Ehrenamt mit Talar: Den tschechischen Gerichten fehlt es an Schöffen
In Tschechien nennt man sie auch „soudci z lidu“, also die „Richter aus dem Volk“. Schöffen helfen ehrenamtlich bei der Rechtsprechung mit. Aber den hiesigen Gerichten fehlt es an diesen engagierten Laien.
Eine Reihe von Gerichten in Tschechien klagt über einen Mangel an Schöffen. Dabei ist die Teilnahme dieser ehrenamtlichen Richter bei einem Großteil der Strafverfahren und auch zur Fällung von arbeitsrechtlichen Urteilen hierzulande gesetzlich vorgeschrieben. Miloš Růžička jedenfalls macht diese Nebentätigkeit viel Spaß…
„Mein erster Fall war gleich ein Mord. Ich hatte gar nicht erwartet, dass ich von Anfang an bei so etwas urteilen würde. Das war für mich alles noch ganz neu. Ich habe zwar keine entsprechende Ausbildung, aber mich interessiert alles, was mit Gerichten und Anwälten zu tun hat. Ich habe dazu schon viele Filme gesehen, sowohl aus westlicher Produktion, als auch aus tschechischer.“
Růžička verkauft im normalen Leben Computer. Seit 2019 hilft er aber auch am Kreisgericht in Prag aus. Etwa sieben- oder achtmal im Jahr, so schätzt er selbst, ziehe er sich als Schöffe den Talar über.

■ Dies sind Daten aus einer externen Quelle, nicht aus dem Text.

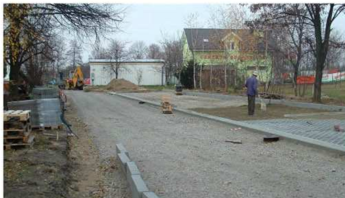
Budowa miejsc postojowych i wewnętrznej drogi dojazdowej na ul. Ruczki

Aktualnie przebudowywane jest skrzyżowanie ulic Obrońców Pokoju i Św. Brata Alberta w Kolbuszowej. Przebudowa tego skrzyżowania ułatwi dojazd do kościoła i zminimalizuje zakorkowanie samochodów w tej części miasta. Ponadto usprawni dojazd do przygotowywanych tutaj terenów inwestycyjnych, o powierzchni ponad 130 ha, z przeznaczeniem pod budownictwo jednorodzinne, cele handlowo-usługowe oraz obiekty rekreacyjno-sportowe. Realizacja inwestycji to koszt rzędu 300 tys. zł.
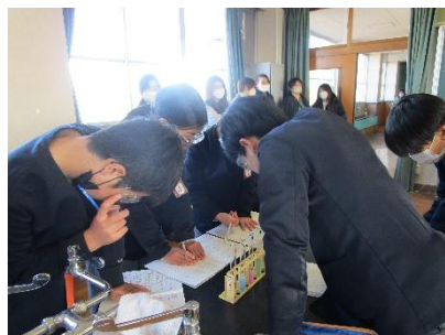
6年 理科の実験結果を班で確認

また、授業後には学級懇談会を行いました。各担任から、この1年を振り返り、できるようになった成果と、3月に少しでも改善して終わりたい課題をお話ししました。保護者の皆様には、今年も本校の教育活動にご理解とご協力を賜り、誠にありがとうございました。残り1ヶ月で、今の学年をしっかりと締めくくれるように全職員で努めていきます。

Laienrichter wie Růžička sitzen in der Verhandlung an der Seite des vorsitzenden Richters. Sie haben das Recht, Akten einzusehen, befragen Zeugen und beteiligen sich am Ende an der Entscheidung über das Strafmaß.
Die vergangene Regierung unter Andrej Babiš (Ano) wollte die Schöffen für die meisten Strafverfahren schon abschaffen. Die obere Parlamentskammer hat dies aber abgewehrt. Damit benötigen die Gerichte des Landes eine hohe Zahl an ehrenamtlichen Talarträgern. So etwa das Kreisgericht in Plzeň / Pilsen:
„Im Idealfall müsste jeder Senat unseres Gerichts mit drei bis vier Schöffen aufgestockt werden. Dies würde bedeuten, ihre Zahl bei uns um etwa 20 Personen zu erhöhen“,
so Gerichtssprecherin Jana Rubášová. Derzeit arbeite die Einrichtung mit 69 ehrenamtlichen Richtern. Dies sei zu wenig, und bei einer Vertagung würden sich Verfahren wegen der schwierigen Terminfindung deswegen in die Länge ziehen, beschreibt Rubášová das Problem.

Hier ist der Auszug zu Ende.